(Beginning of Dataset content)

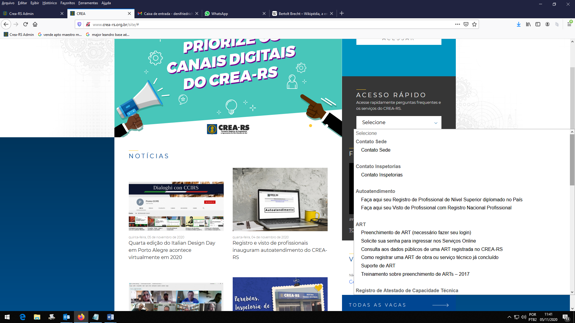 O link para o Autoatendimento está disponibilizado na aba PROFISSIONAL ou aqui: http://apolo.crea-rs.org.br:8080/apoloaplsrv01/servlet/org.crears.apolo.prod.hmenu_autoatendimento?,0
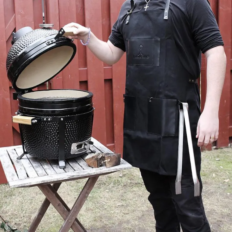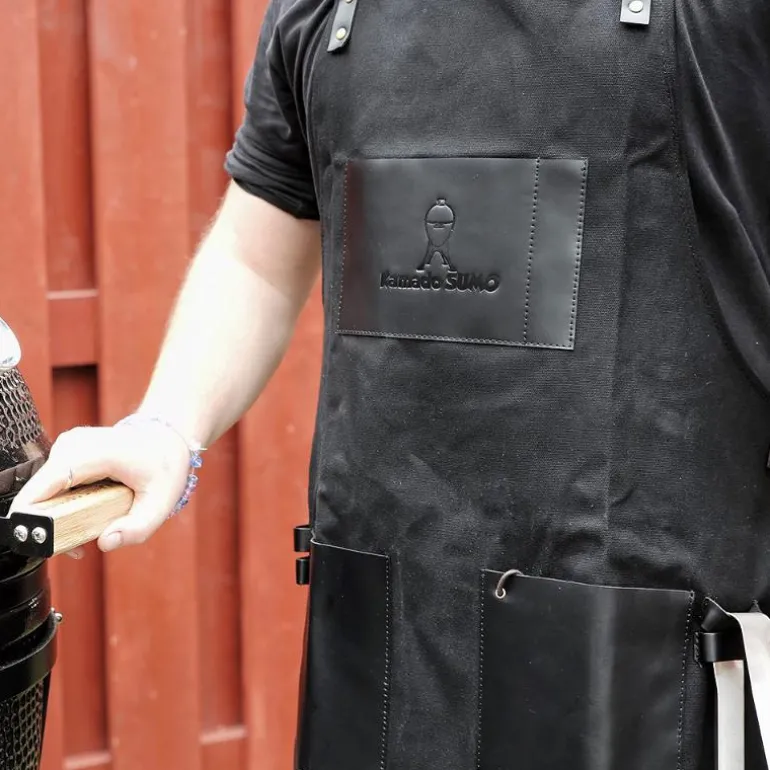 Skikkelig fint forkle i vokset bomull med skinndetaljer. Imponer gjestene dine med et ekte kvalitetsforkle fra Kamado SUMO. Vokset bomull gir den ekte kvalitetsfølelsen og sammen med skinndetaljene og de stilige spennene i metall er det et forkle som passer til en ekte grillmester.Mål:Bredde: 66 cmLengde: 100 cm
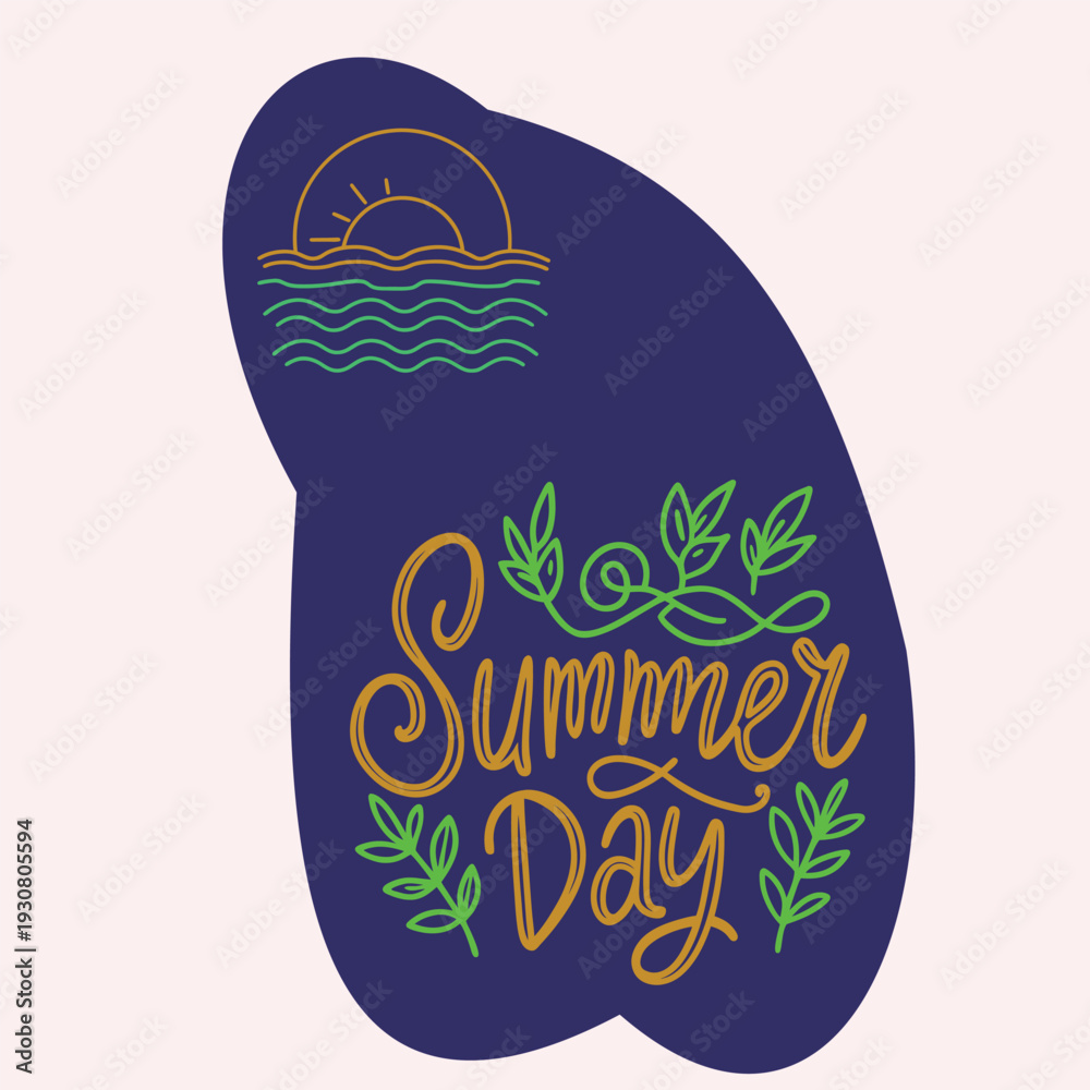 Vibrant summer day illustration with sun and greenery. #1930805594

(End of Dataset content)

» **What the exercise asks**:
In the material above, retype exactly the lines that run from the one containing "Skikkelig fint forkle" through the last line, and keep out the pictures.

» **Response for this exercise**:
 Skikkelig fint forkle i vokset bomull med skinndetaljer. Imponer gjestene dine med et ekte kvalitetsforkle fra Kamado SUMO. Vokset bomull gir den ekte kvalitetsfølelsen og sammen med skinndetaljene og de stilige spennene i metall er det et forkle som passer til en ekte grillmester.Mål:Bredde: 66 cmLengde: 100 cm
 Vibrant summer day illustration with sun and greenery. #1930805594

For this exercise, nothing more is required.